In this tutorial you learn some more advanced functions in R to build on the first Data Center workshop. The tutorial focuses on finding, importing and cleaning data: an example of the steps you might take in order to prepare your data for writing an empirical paper. You can use these skills to create figures that you can incorporate in your final paper for the course.
Before you start working with data, you should make sure to develop a good research question that you think can be answered using a combination of academic literature and available data. Once you have your research question, you should think about how you could use data to complement your theory: e.g. if your hypothesis is a relationship between two variables, your data analysis can focus on creating visuals that display whether there actually is a relationship between the two variables in a given sample. Then you can interpret these visuals to reach conclusions about whether the relationships that you expect to be present in your data are actually there.
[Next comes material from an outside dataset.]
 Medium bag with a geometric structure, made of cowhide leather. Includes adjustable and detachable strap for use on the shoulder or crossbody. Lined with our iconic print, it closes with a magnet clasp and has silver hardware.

Once you have an idea of what data you would need, you can start looking for it. Several useful data sources are listed here; additionally you can always simply Google the indicator that you are looking for. If you are looking for data from a single country, national statistical offices might be useful; if you are looking for data from multiple countries, international organizations such as the World Bank or OECD, or initiatives such as Our World in Data often have comprehensive global data.
Once you find, import and visualize your data, you can incorporate the results in your paper. Your paper should start with an introduction and literature review where you present your research question, including your theoretical justification behind your hypothesis/hypotheses. Next, you should present your data and analysis process in your Methods section: make sure you properly cite your data sources and explain the steps of your data analysis. Your Methods should be concise, but contain enough information that a reader could replicate your analysis. Your results section should present not only the results of your data analysis, but also your interpretation of whether those results align with your theoretical expectations and why/why not. Finally, a concluding section should breifly summarize your results, and point out any limitations and recommendations for future research.
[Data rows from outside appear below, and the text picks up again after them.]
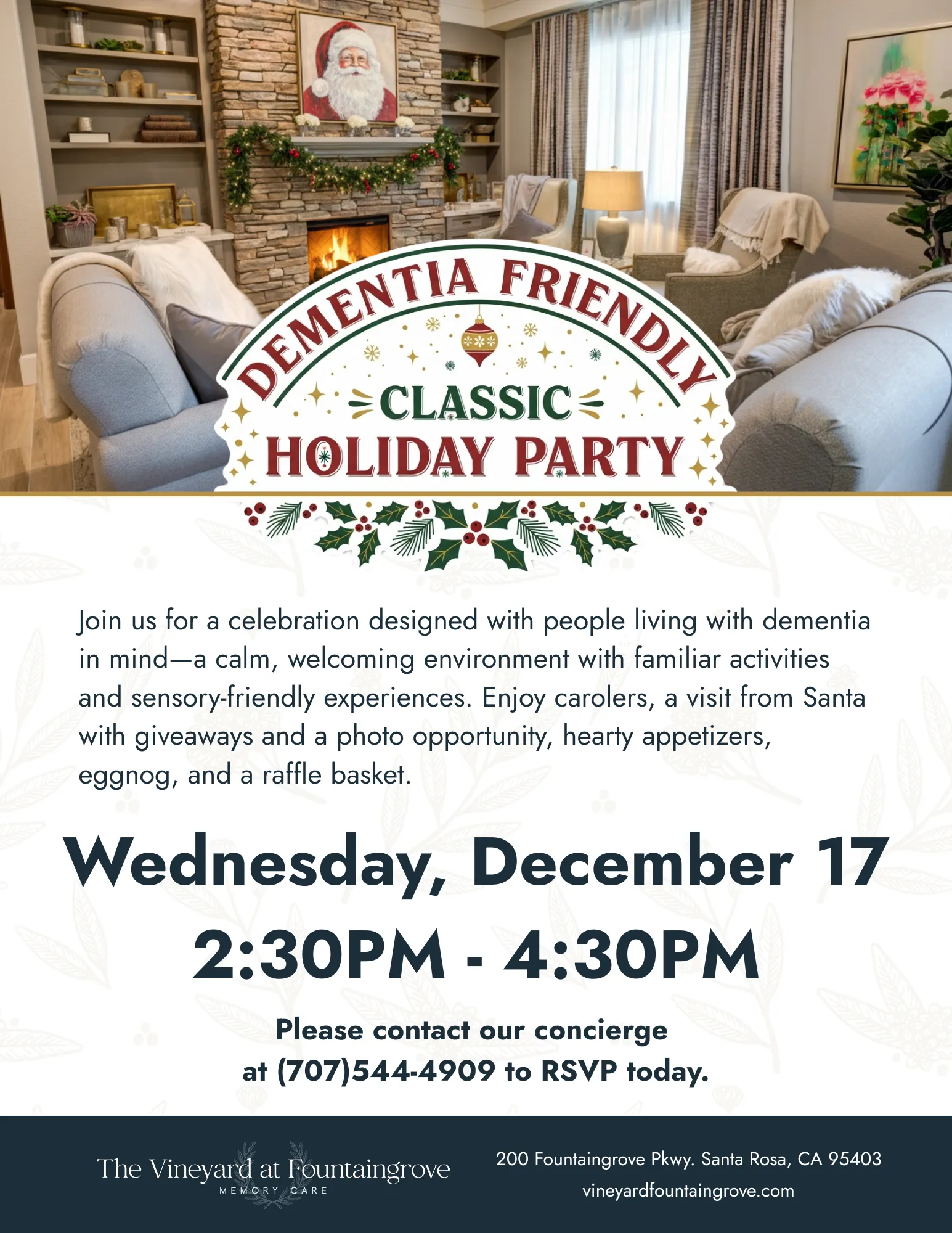 The holiday season is a time for togetherness, joy, and meaningful moments—and we’re excited to host a Dementia Friendly Holiday Party designed specifically with the comfort of loved ones living with dementia in mind.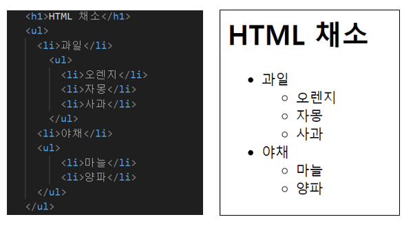 ul 태그는 중첩해서 사용할 수 있는데 중첩시 초기 설정은 내부 태그는 흰 원 아이콘으로 변경된다.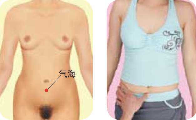 ● 按摩方法 :被按摩者仰卧,按摩者用拇指或中指按顺时针方向按揉气海穴2分钟,然后按逆时针方向按揉2分钟;或用艾条对准气海穴,熏到微微发热、皮肤有红晕为止。

To make the process of writing your paper easier, it is important to keep track of your files properly. You should create a new R project for your data analysis, and store all of your data files, scrips and results in that folder. If you don’t remember how to create a new R project, please refer to the handout of the previous Data Center workshop.
This tutorial focuses on the process of how to import datasets and clean them so they are ready for visualization. However, if you are struggling to find appropriate datasets or have questions regarding data visualization, feel free to reach out to the Data Center (or attend office hours) to get help with those components as well.
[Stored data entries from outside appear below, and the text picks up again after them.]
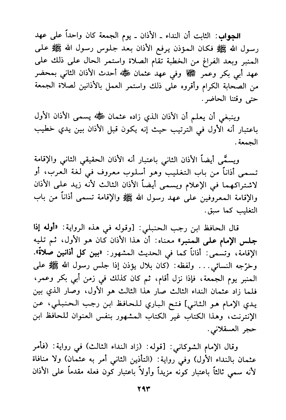 وقال الإمام الشوكاني: [قوله: (زاد النداء الثالث) في رواية: (فأمر عثمان بالنداء الأول) وفي رواية: (التأذين الثاني أمر به عثمان) ولا منافاة لأنه سمي ثالثاً باعتبار كونه مزيداً وأولاً باعتبار كون فعله مقدماً على الأذان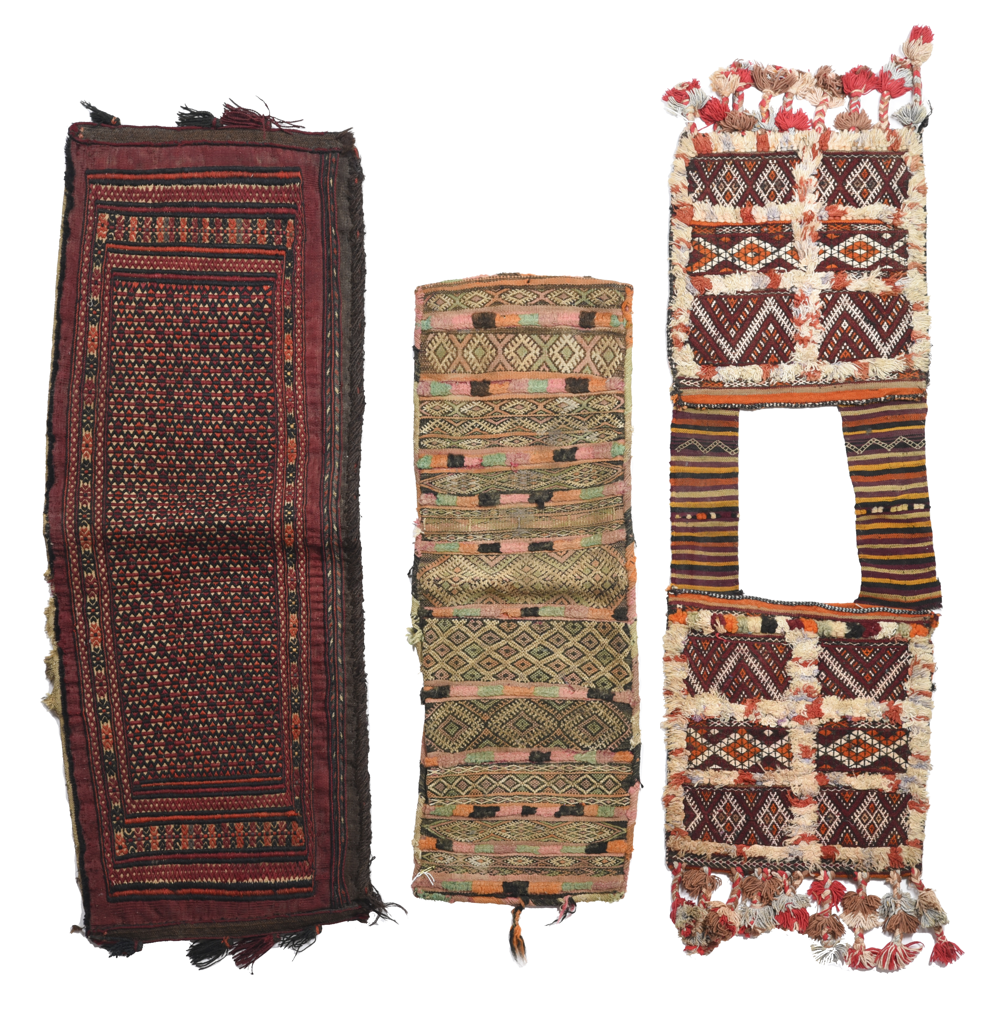 a Berber double saddle bag, High Atlas, wool with a tapestry weave, 110cm x 34cm and a Berber saddle bag, Handira People, High Atlas, with an opening to one side, 78cm x 28cm. (3)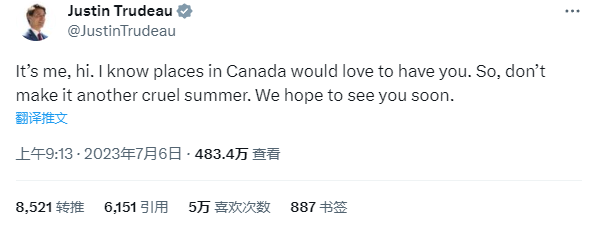 加拿大总理特鲁多在社交媒体上回复泰勒称:“我知道加拿大的一些地方很乐意接待您。所以,别让今年成为又一个残酷的夏天,希望能很快见到您。”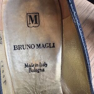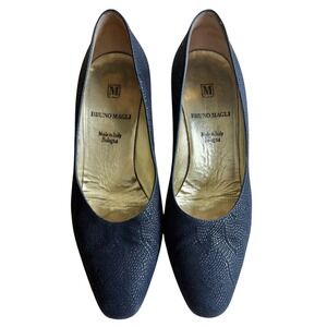 Bruno Magli is an Italian luxury leather brand. These sophisticated black heels feature a timeless design and high-quality construction, synonymous with the Bruno Magli brand. Made in Italy, Bologna. The shoes have a 'Pelle' stamp which translates to leather. They have a comfortable 2.5" heel. The raised embossed design gives them a unique shimmery appearance.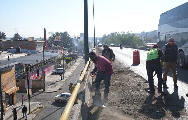 En los trabajos que se realizan participa personal en campo, con una retroexcavadora, un camión de volteo y barredoras para el retiro de maleza que ha crecido en la tierra acumulada durante 7 años, por lo que se reitera manejar con precaución y bajar la velocidad ante la reducción de carriles en lo que se atiende la limpieza.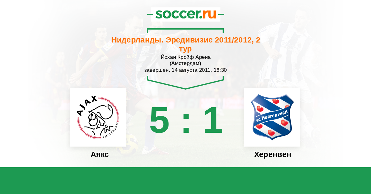 Нидерланды. Эредивизи 16.02.2014 Аякс Логотип футбольный клуб Аякс (Амстердам) 3:0 Логотип футбольный клуб Херенвен Херенвен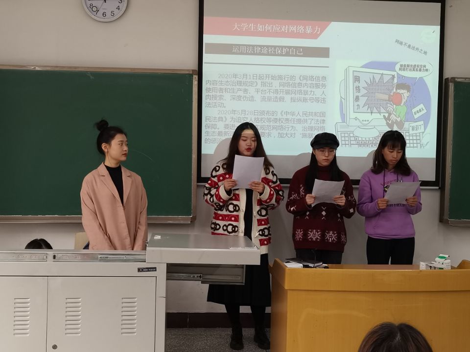 第二,形式多样,富有创新。同学们在进行课堂展示时,不断创新展示形式。有的小组采用“新闻主播”+“专家会谈”的形式;有的小组采用“主场”+“外场”联动方式;有的小组采用“现场表演”的方式;有的小组采用“讨论”、“辩论”等形式。总之,同学们花费了一定精力,创新了展示形式。

In the following we will work with two data files:
The goal is to import both files, clean them, and combine them into a single dataset that can be used to analyze the relationship between the two indicators. Your data analysis process might differ from this demonstration depending on your research question, but you will nevertheless be able to adapt (parts of) this workflow for your own paper.
For your paper you will draw data from a variety of online sources. Each source that you use has their own conventions of storing data, so you have to be able to import multiple kinds of data files into R.
CSV files are a convenient and simple way of storing data. CSV stands for “comma-separated values”: the raw data is text file where each line of text is a row of data, and values within a row are separated by commas. In most cases your computer will automatically open CSV files in Excel, where they are displayed as a table. CSV files are the most common and also one of the easiest to import to R.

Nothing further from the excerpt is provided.